Google Joins MIT in Search ET Planets

Google has joined MIT scientists who are designing a satellite-based observatory -the Transiting Exoplanet Survey Satellite (TESS)- that they say could for the first time provide a sensitive survey of the entire sky to search for earth-like planets outside the solar system that appear to cross in front of bright stars. Google will fund development of the wide-field digital cameras needed for the satellite. "Decades, or even centuries after the TESS survey is completed, the new planetary systems it discovers will continue to be studied because they are both nearby and bright," says George Ricker, leader of the project.
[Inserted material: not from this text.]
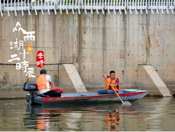 下午2點,陽光正烈,湖面作業船的馬達聲劃破城市寧靜。兩湖水體運維人員葉雨和李輝駕駛打撈船,清理湖面漂浮的水草和垃圾,確保水域干凈透亮。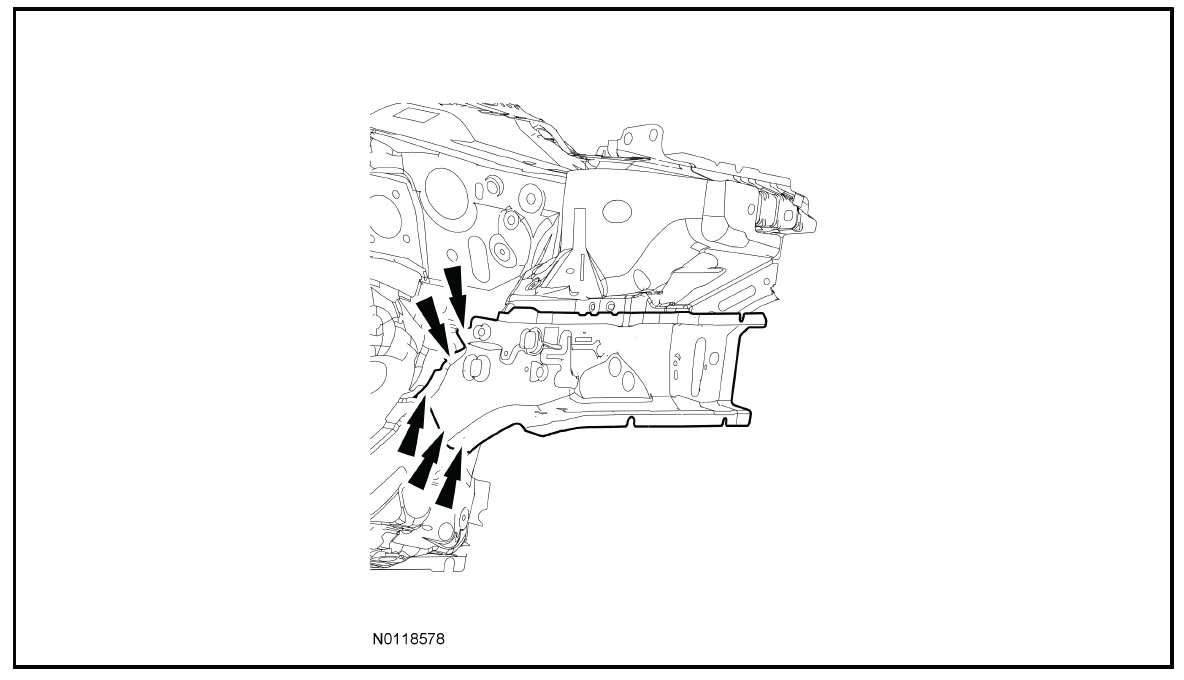 NOTICE: A frame rail sectioning kit is not available for this vehicle. Frame rail replacement must be done at the factory seams. Failure to follow this direction will result in an incorrect repair and vehicle energy management will be compromised.

Most of the more than 200 extrasolar planets discovered so far have been much larger than Earth, similar in size to the solar system's giant planets (ranging from Jupiter to Neptune), or even larger. But to search for planets where there's a possibility of finding signs of living organisms, astronomers are much more interested in those that are similar to our own world. Most searches so far depend on the gravitational attraction that planets exert on their stars in order to detect them, and therefore are best at finding large planets that orbit close to their stars. TESS, however, would search for stars whose orbits as seen from Earth carry them directly in front of the star, obscuring a tiny amount of starlight. Some ground-based searches have used this method and found about 20 planets so far, but a space-based search could detect much smaller, Earth-sized planets, as well as those with larger orbits.